»»

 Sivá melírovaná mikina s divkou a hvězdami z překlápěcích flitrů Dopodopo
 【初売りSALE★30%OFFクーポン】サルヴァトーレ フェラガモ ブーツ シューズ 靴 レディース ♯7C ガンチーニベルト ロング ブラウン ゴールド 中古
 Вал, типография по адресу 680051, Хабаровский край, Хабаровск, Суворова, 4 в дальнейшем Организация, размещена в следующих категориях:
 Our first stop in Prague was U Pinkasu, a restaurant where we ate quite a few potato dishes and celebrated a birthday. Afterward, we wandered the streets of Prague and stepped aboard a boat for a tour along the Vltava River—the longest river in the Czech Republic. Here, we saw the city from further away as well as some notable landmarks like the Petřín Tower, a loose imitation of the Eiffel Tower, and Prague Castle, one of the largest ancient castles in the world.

««
»»

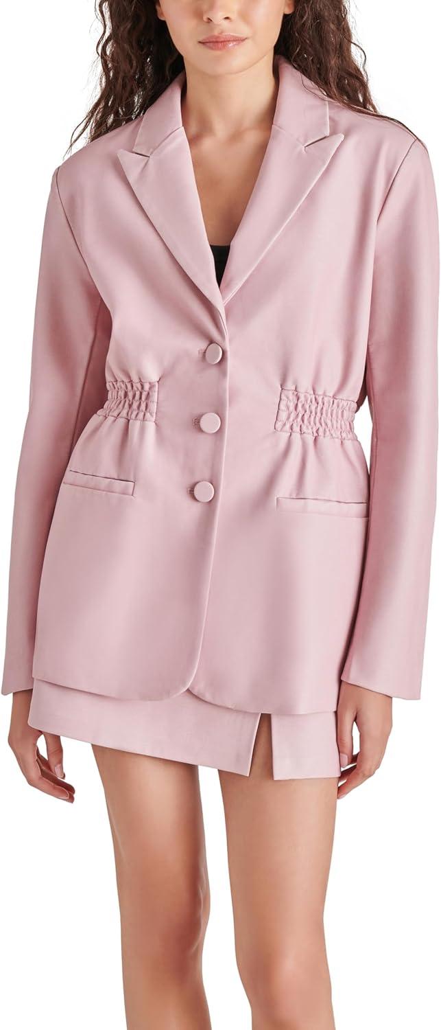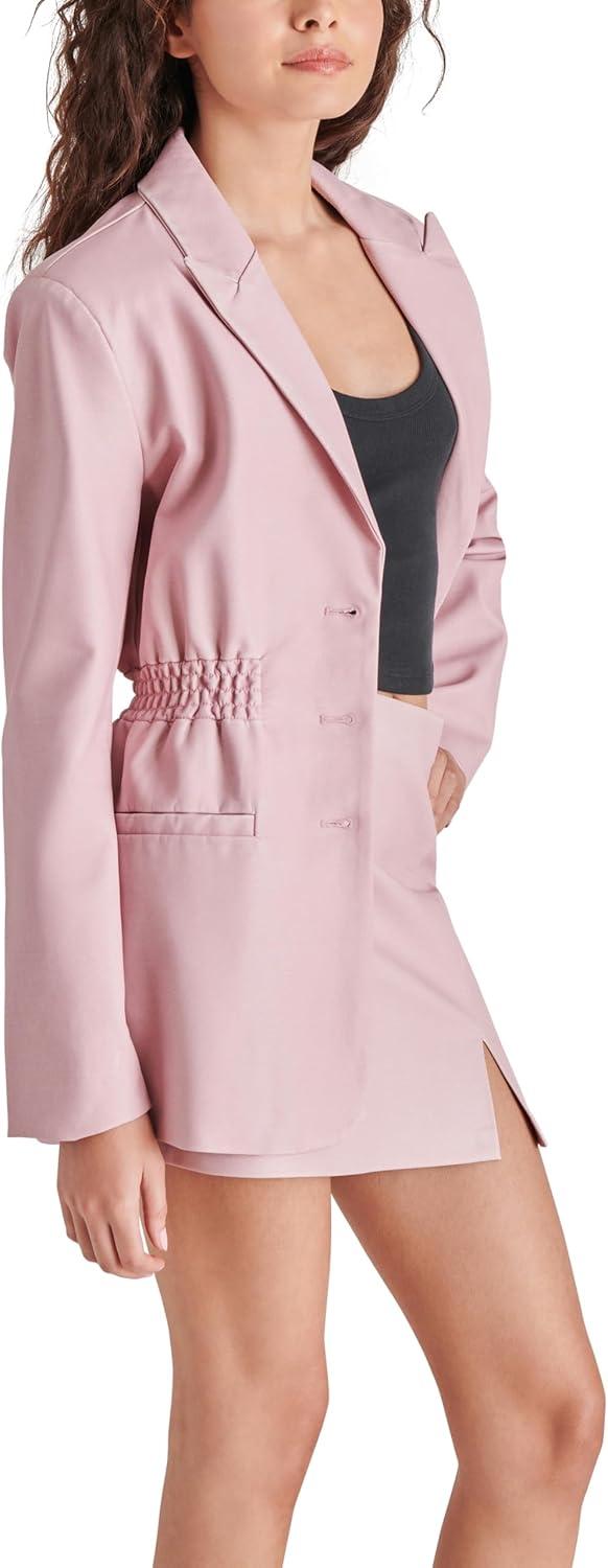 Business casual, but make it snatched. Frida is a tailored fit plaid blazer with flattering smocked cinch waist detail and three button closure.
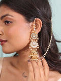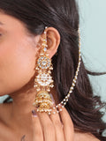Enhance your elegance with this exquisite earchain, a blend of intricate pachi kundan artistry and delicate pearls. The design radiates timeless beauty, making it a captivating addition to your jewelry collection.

««

Using the data above, reproduce exactly the lines from the line that contains "Sivá melírovaná mikina" through the line that contains "Вал, типография по", including both.

◆ Written solution:
 Sivá melírovaná mikina s divkou a hvězdami z překlápěcích flitrů Dopodopo
 【初売りSALE★30%OFFクーポン】サルヴァトーレ フェラガモ ブーツ シューズ 靴 レディース ♯7C ガンチーニベルト ロング ブラウン ゴールド 中古
 Вал, типография по адресу 680051, Хабаровский край, Хабаровск, Суворова, 4 в дальнейшем Организация, размещена в следующих категориях:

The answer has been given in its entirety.